Alors qu’il vient d’être diffusé au PIFFF et que le très attendu Hobbit va bientôt débarquer dans les salles, aujourd’hui nous revenons donc sur le premier film de sale gosse de Peter Jackson : Bad Taste.
On ne s’en rappelle peut-être pas très bien mais celui qui nous a gratifié de l’un des plus grands monuments du cinéma (j’ai nommé Le Seigneur des Anneaux) a commencé en bricolant de petits films entre amis dans son village de Nouvelle-Zélande. A l’instar de Sam Raimi, Peter Jackson est l’une de ces figures tout droit issues du cinéma d’horreur des années 80 qui n’a pas envie de se prendre au sérieux mais qui fait tout de suite preuve d’une inventivité et d’une passion sans bornes pour le cinéma de genre.Ainsi, Peter Jackson réalise son premier film dans son village natale avec une bande d’amis en tournant le weekend après le travail. Il aura fallu 4 ans avant que le film ne se termine grâce au soutien inattendu mais bienvenu du gouvernement néo-zélandais qui permettra alors de passer du court au long-métrage.
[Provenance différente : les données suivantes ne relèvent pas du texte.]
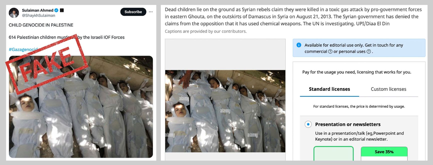 Videos from Syria have been particularly popular among anti-Israel bloggers. When Assad carpet-bombed entire cities with Putin's support, social media didn’t seem to care, but now those old Syrian videos have come in handy. For example, Sulaiman Ahmed, who calls himself an “investigative journalist” on X (Twitter), published photos of the corpses of Syrian children killed in the Ghouta chemical attack, captioning the image as follows: “Child genocide in Palestine. 614 Palestinian children have been killed by the Israeli occupation forces.” Almost 20,000 users reposted the image, including U.S. Congresswoman Ilhan Omar and American basketball player Enes Kanter Freedom. The post garnered a multi-million audience, just like many other Sulaiman Ahmed’s hoaxes.
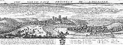 Little is known of Lancaster from the end of Roman rule to the early 5th century and the Norman Conquest of the late 11th century. Despite a lack of documentation for the period, it is thought that Lancaster remained inhabited. It lay on the fringes of the kingdoms of Mercia and Northumbria and over time may have passed from one to the other.[18] Archaeological evidence suggests there was a monastery on or near the site of today's Lancaster Priory by the 700s or 800s. The Anglo-Saxon runic "Cynibald's cross" found at the Priory in 1807 is thought to date from the late 9th century. Lancaster was probably one of several abbeys founded under Wilfrid.[19]

Une initiative surprenante devant le mauvais goût affiché de ce premier film qu revendique complètement son côté cheap mais un pari payant quand on voit que que le réalisateur donne aujourd’hui au pays.
Pour la petite histoire, Bad Taste parle donc de l’invasion d’un village par une bande d’extra-terrestres belliqueux et un peu débiles qui a bien l’intention de transformer la race humaine en chair à pâtée pour leur fast food. Mais une poignée de résistant est là pour les stopper, armes à la main. Plaidoyer contre la malbouffe qui s’ignore peut-être, le film est surtout l’occasion pour Peter Jackson de s’amuser avec ses amis avec une histoire complètement délirante. Jouant complètement sur son manque de budget, il multiplie les effets cheap, les punchlines décalées, les petites références à certaines classiques du genre et surtout entretient un véritable mauvais goût, que ce soit par son histoire mais aussi par le look des extra-terrestres, les effets gores ou certaines scènes (la dégustation de la « soupe» ). Tout ça ne vole pas bien haut mais l’honnêteté mise en l’entreprise pour délivrer une telle série Z fait clairement plaisir à voir.
Mais surtout, le film transpire la passion du réalisateur pour le cinéma de genre et pour le métier. A la fois réalisateur, créateur des maquillages trashs et acteur de 2 rôles, Peter Jackson, avec un budget ridicule et un planning chaotique fait tout de même preuve d’une maitrise technique qui ne demande qu’à être perfectionnée. Il n’y a pas à dire, en plus de s’amuser, il a bien un sens du rythme, du découpage et du cadrage qui peut être remarqué. Le film révèle ainsi un réalisateur particulièrement inventif et surtout faisant preuve d’une foi immense en son projet (on ne s’implique pas 4 ans comme ça pour rien), une foi et une passion qui resteront le moteur de son cinéma, sans jamais oublier son humour.
Alors oui, Bad Taste est clairement un nanar fauché mais Peter Jackson n’est pas le premier à venir de là et on se souvient bien que certains grands réalisateurs (Coppola par exemple) ont débuté chez Corman. La seule différence est que le réalisateur est venu présenter son long-métrage au marché du film de Cannes et a tapé dans l’œil de distributeurs qui ont décidé de lui offrir sa chance pour qu’il devienne aujourd’hui un film de potes qui amuse bien plus que les amis de PJ.
La suite, on a connait, Peter Jackson va toujours afficher son humour trash (les Feebles, Braindead) avant de montrer d’autres facettes de sa personnalité (Créatures Célestes) puis se faire remarquer par Hollywood (Fantômes contre Fantômes) avant d’en devenir l’un de ses plus grands créateurs. Finalement, Bad Taste est bien la preuve qu’à l’époque, tout était encore possible en démarrant un film dans un petit pays très loin du système … et on doute malheureusement que cela soit encore possible de nos jours.